### Exercise requirements
Your answer must be the exact lines of the listing below that run from the line with "This printed candle" to the line with "In essence, conventional", ends included, and no pictures.

### Task data
Content starts
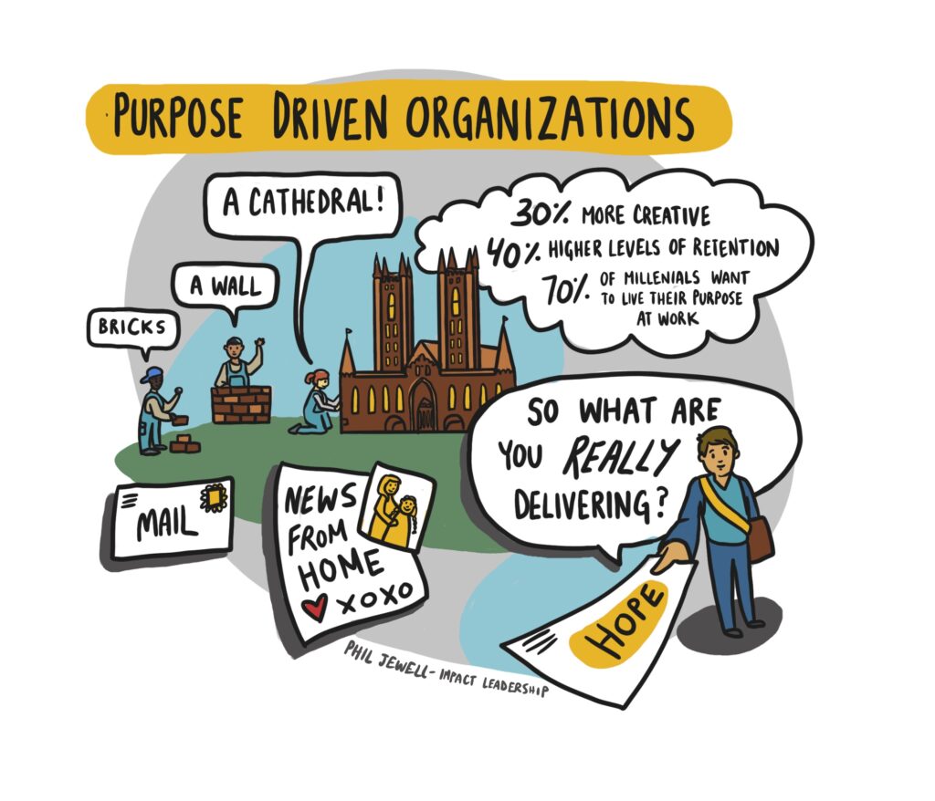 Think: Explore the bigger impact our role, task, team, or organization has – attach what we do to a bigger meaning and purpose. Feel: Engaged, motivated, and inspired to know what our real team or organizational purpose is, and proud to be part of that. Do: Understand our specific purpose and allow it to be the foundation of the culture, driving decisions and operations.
Content ends
Content starts
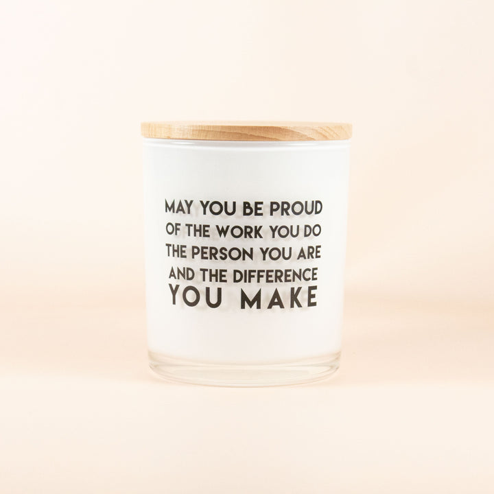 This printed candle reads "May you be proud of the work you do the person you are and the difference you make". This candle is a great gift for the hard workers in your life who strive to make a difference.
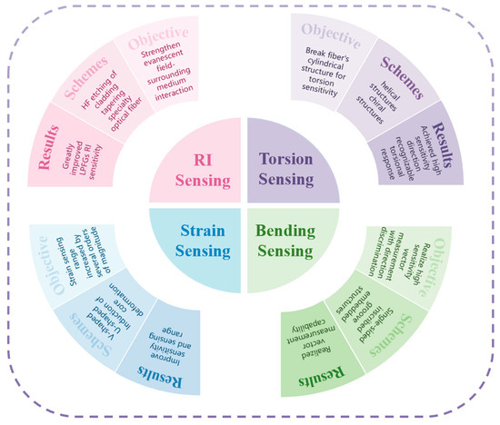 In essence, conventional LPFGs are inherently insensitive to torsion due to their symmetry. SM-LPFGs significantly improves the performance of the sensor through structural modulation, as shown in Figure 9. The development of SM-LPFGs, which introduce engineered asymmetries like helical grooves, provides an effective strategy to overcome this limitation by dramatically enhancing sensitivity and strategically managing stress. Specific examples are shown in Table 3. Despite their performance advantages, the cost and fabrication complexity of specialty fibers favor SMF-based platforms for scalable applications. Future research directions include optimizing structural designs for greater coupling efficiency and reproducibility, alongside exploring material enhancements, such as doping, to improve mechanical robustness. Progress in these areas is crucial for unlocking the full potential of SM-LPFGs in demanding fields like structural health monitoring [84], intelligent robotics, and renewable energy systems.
Content ends
### Your response
 This printed candle reads "May you be proud of the work you do the person you are and the difference you make". This candle is a great gift for the hard workers in your life who strive to make a difference.
 In essence, conventional LPFGs are inherently insensitive to torsion due to their symmetry. SM-LPFGs significantly improves the performance of the sensor through structural modulation, as shown in Figure 9. The development of SM-LPFGs, which introduce engineered asymmetries like helical grooves, provides an effective strategy to overcome this limitation by dramatically enhancing sensitivity and strategically managing stress. Specific examples are shown in Table 3. Despite their performance advantages, the cost and fabrication complexity of specialty fibers favor SMF-based platforms for scalable applications. Future research directions include optimizing structural designs for greater coupling efficiency and reproducibility, alongside exploring material enhancements, such as doping, to improve mechanical robustness. Progress in these areas is crucial for unlocking the full potential of SM-LPFGs in demanding fields like structural health monitoring [84], intelligent robotics, and renewable energy systems.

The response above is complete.